DIRECTIONS: Return the material exactly, first line through the line containing "Il doppio rivestimento", and nothing more. Pictures stay out.

PROVIDED ENTRIES:
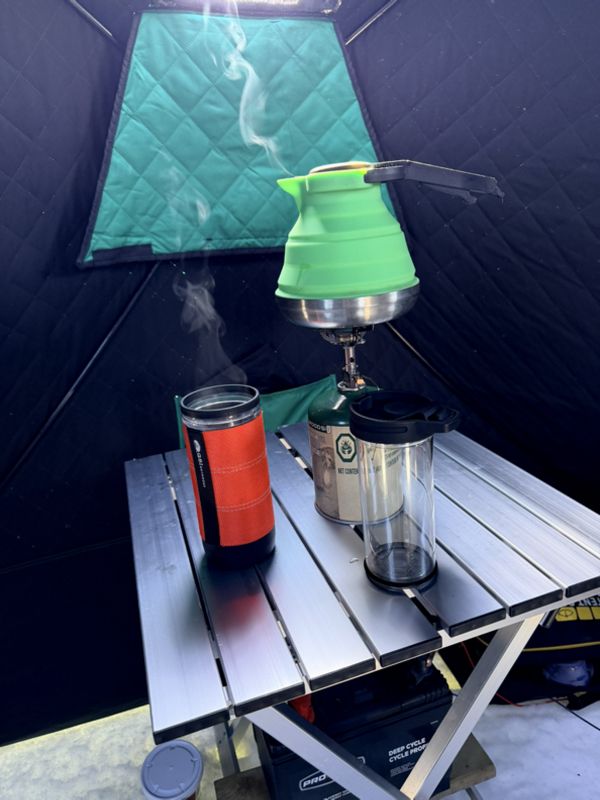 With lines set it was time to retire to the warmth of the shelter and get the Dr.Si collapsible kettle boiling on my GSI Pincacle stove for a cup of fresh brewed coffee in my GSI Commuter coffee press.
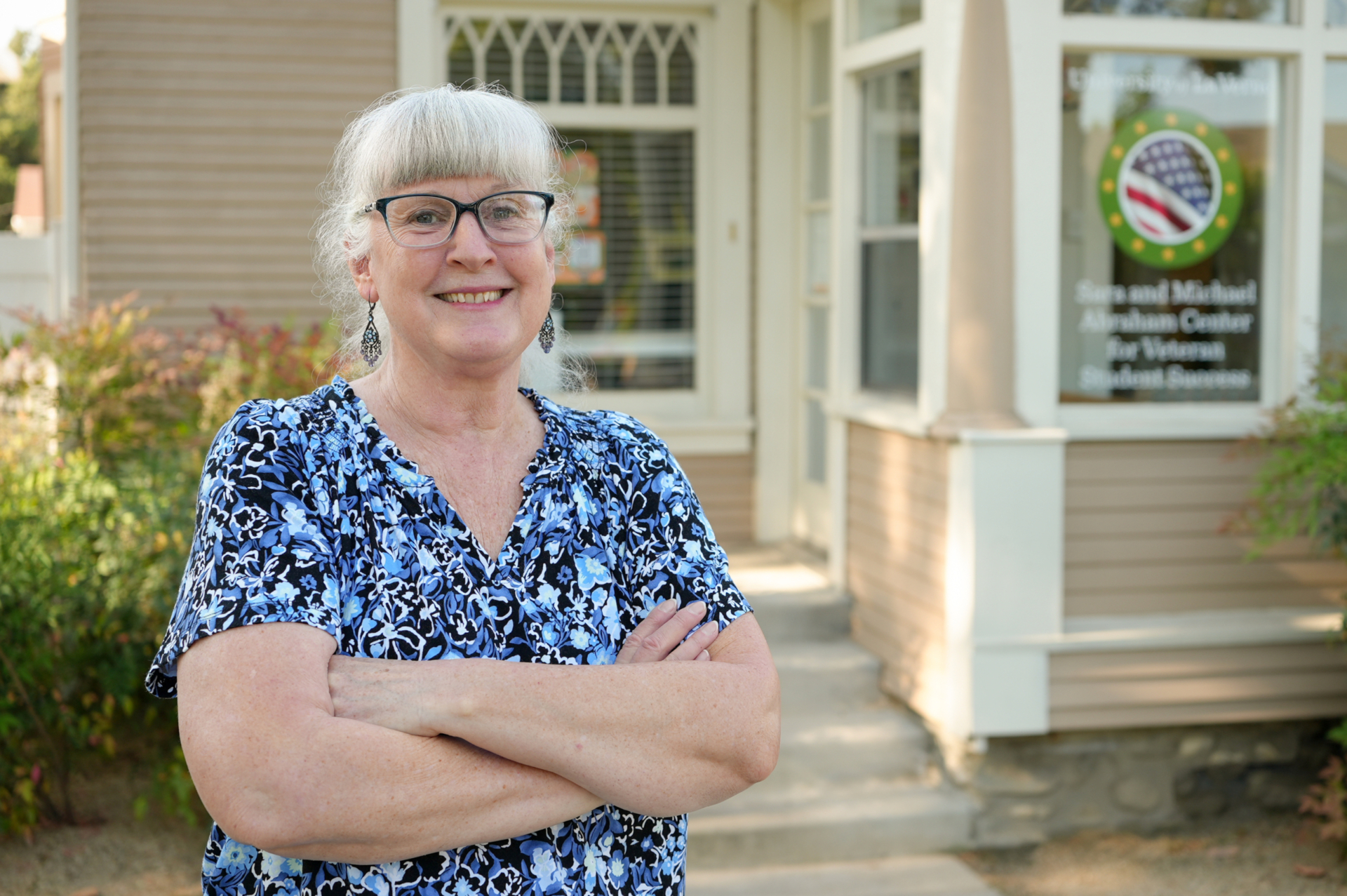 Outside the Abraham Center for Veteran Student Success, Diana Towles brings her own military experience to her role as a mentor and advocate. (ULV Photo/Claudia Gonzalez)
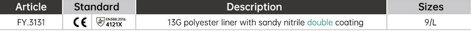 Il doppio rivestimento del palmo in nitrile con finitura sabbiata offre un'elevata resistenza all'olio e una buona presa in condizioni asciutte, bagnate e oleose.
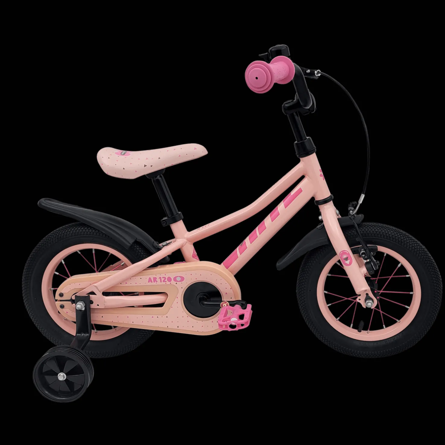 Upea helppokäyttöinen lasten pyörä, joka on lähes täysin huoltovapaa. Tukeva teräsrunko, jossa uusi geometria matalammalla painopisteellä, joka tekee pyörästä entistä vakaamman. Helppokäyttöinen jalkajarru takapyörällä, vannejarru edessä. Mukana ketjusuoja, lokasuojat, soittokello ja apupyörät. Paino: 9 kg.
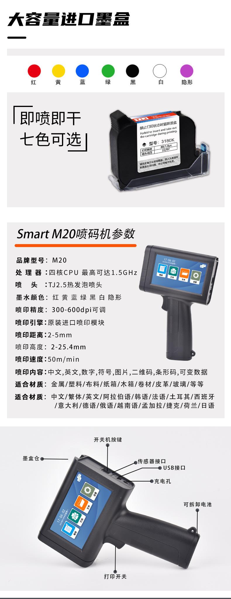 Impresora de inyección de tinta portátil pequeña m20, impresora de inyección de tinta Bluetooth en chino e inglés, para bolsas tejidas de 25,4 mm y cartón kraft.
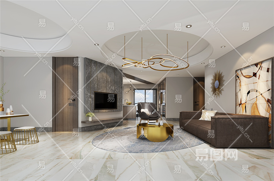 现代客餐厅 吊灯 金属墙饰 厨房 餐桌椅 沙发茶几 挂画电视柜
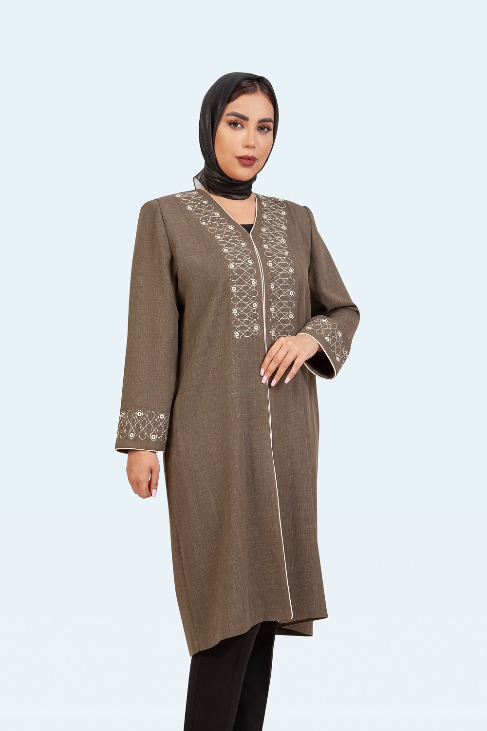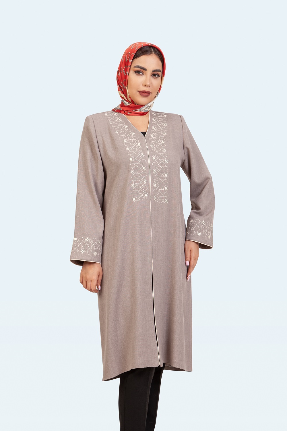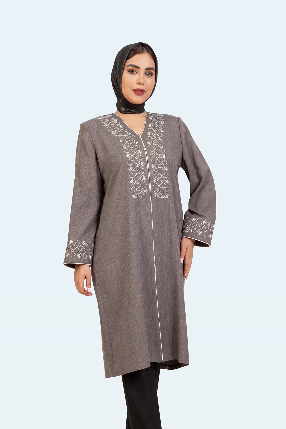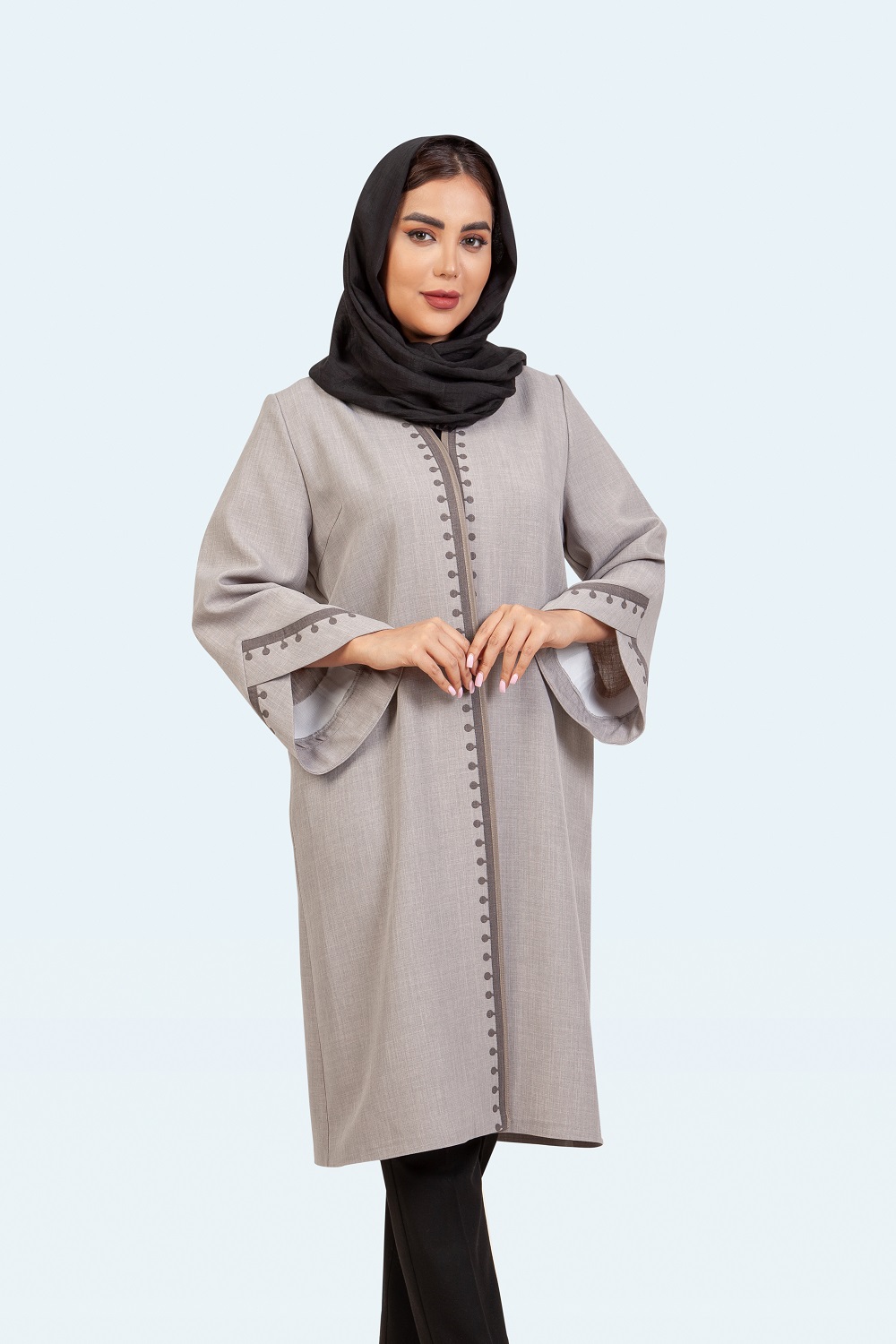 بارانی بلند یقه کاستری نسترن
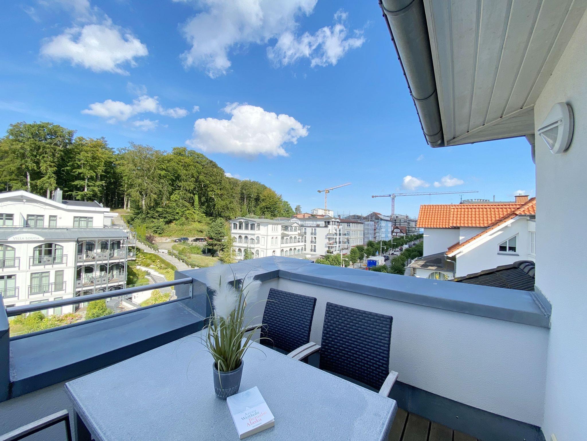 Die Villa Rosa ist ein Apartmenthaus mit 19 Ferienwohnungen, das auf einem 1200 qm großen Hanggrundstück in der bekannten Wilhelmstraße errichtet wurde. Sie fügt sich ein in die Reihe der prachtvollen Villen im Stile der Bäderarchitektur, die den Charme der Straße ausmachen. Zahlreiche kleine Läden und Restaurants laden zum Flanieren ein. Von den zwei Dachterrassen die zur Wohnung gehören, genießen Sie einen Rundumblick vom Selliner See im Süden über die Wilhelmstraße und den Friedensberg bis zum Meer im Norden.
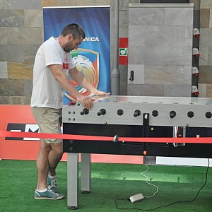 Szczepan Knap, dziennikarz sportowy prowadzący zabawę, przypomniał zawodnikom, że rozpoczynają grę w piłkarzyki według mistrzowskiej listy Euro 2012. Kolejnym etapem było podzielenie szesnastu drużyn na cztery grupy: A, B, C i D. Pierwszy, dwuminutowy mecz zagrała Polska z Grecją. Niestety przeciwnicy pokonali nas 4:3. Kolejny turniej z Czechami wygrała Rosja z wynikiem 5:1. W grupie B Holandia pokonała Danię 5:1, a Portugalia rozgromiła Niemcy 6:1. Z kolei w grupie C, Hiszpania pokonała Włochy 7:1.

SOLUTION TO THIS TASK:
 With lines set it was time to retire to the warmth of the shelter and get the Dr.Si collapsible kettle boiling on my GSI Pincacle stove for a cup of fresh brewed coffee in my GSI Commuter coffee press.
 Outside the Abraham Center for Veteran Student Success, Diana Towles brings her own military experience to her role as a mentor and advocate. (ULV Photo/Claudia Gonzalez)
 Il doppio rivestimento del palmo in nitrile con finitura sabbiata offre un'elevata resistenza all'olio e una buona presa in condizioni asciutte, bagnate e oleose.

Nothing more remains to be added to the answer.